Metadata-Version: 1.1
Name: difftrack
Version: 0.6.0
Summary: Keep track of changes in data structures.
Home-page: https://github.com/qntln/difftrack
Author: Quantlane
Author-email: code@quantlane.com
License: Apache 2.0
Description: Difftrack
        =========
        
        ``difftrack`` is a tool for keeping track of changes in data structures.
        It makes it possible for multiple "listeners" to see
        changes in a dict, a list or any other data structure you want to
        observe and support (these structures are called "dispatchers").
        
        ``difftrack`` has two main classes:
        
        - ``Dispatcher`` - acts like a data structure you write to but also sends
          all changes (diffs) to all its listeners.
        - ``Listener`` - a listener is connected to one dispatcher and applies incomming
          diffs to its internal structure so each listener looks like the original data
          structure after applying all those diffs.
        
        This division allows ``difftrack`` to have multiple listeners in
        different stages of applying diffs, and it enables listeners
        with special abbilities (e.g. ``difftrack.utils.BoundedListDiffHandler``
        implementing a "top N" list: the list never exceeds a certain fixed size
        but when some items are deleted, previously invisible elements appear).
        
        Basic usage
        -----------
        
        In the following example we are going to create a list dispatcher (you can
        write to it as to a list: use operation ``__setitem__``, ``__delitem__``
        and ``insert``) and two listeners that will listen for diffs and keep
        their own internal state.
        
        .. code:: python
        
        	>>> import difftrack
        	>>> dispatcher = difftrack.ListDispatcher()

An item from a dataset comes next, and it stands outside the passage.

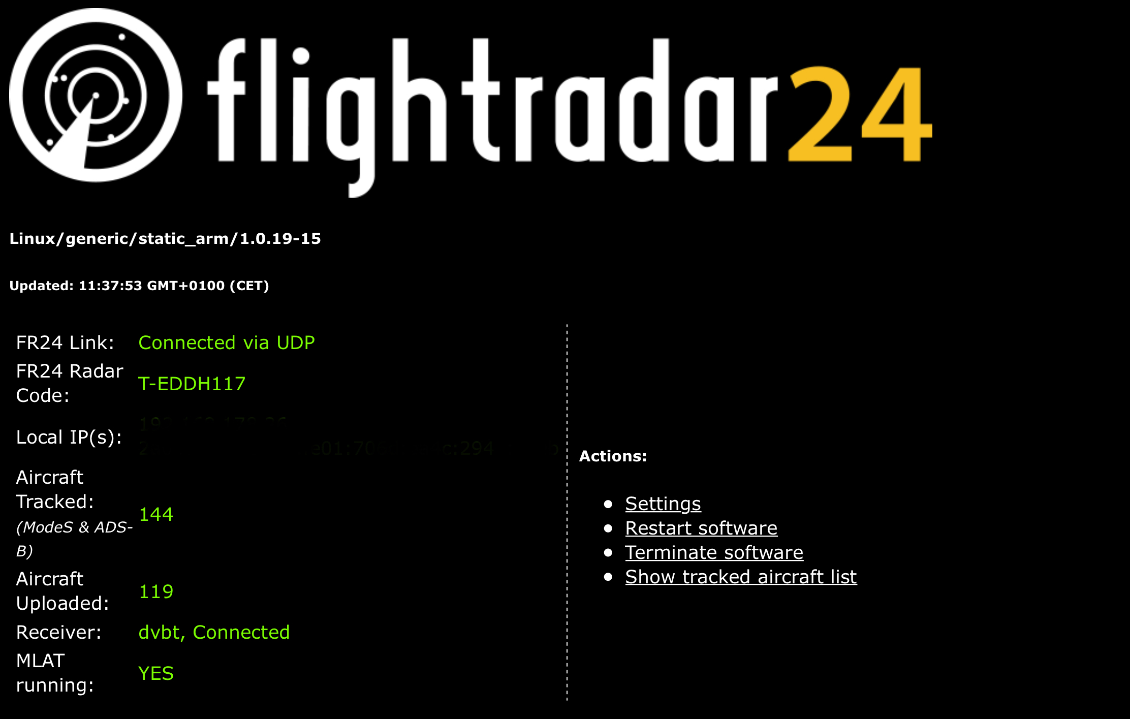 Jetzt kam mir die Idee, ob man nicht beides miteinander Verbinden könnte. Man kann über den Client nachgucken, wieviel Flugzeuge man gerade tracked und wieviel man uploaded. Wäre es möglich, diese Daten über Homebridge abzufragen?

        	>>> listener1 = difftrack.ListListener()
        	>>> listener2 = difftrack.ListListener()
        	>>> dispatcher.add_listener(listener1)
        	>>> dispatcher.add_listener(listener2) # create listeners and add them to dispatcher
        
        	>>> dispatcher.insert(0, 'AAA') # insert string 'AAA' to the first position in list
        	>>> listener1.get_snapshot() # Diffs are not applied until get_new_diffs() is called
        	[]
        	>>> listener1.get_new_diffs() # now we get all diffs that have not been processed yet
        	[(difftrack.ListDiff.INSERT, 0, 'AAA')]
        	>>> listener1.get_snapshot() # and we see that listener1's snapshot now contains what we expect
        	['AAA']
        	>>> listener2.get_snapshot() # second listener still hasn't got anything because we haven't read its diffs
        	[]
        
        	>>> dispatcher.insert(0, 'BBB') # insert new string to 'BBB'
        	>>> listener1.get_new_diffs() # we need to read new diffs to get current state
        	[(difftrack.ListDiff.INSERT, 0, 'BBB')]
        	>>> listener1.get_snapshot() # we inserted 'BBB' to first position so 'AAA' was moved to second position
        	['BBB', 'AAA']
        
        	>>> del dispatcher[0] # remove the first element from th list (now 'BBB')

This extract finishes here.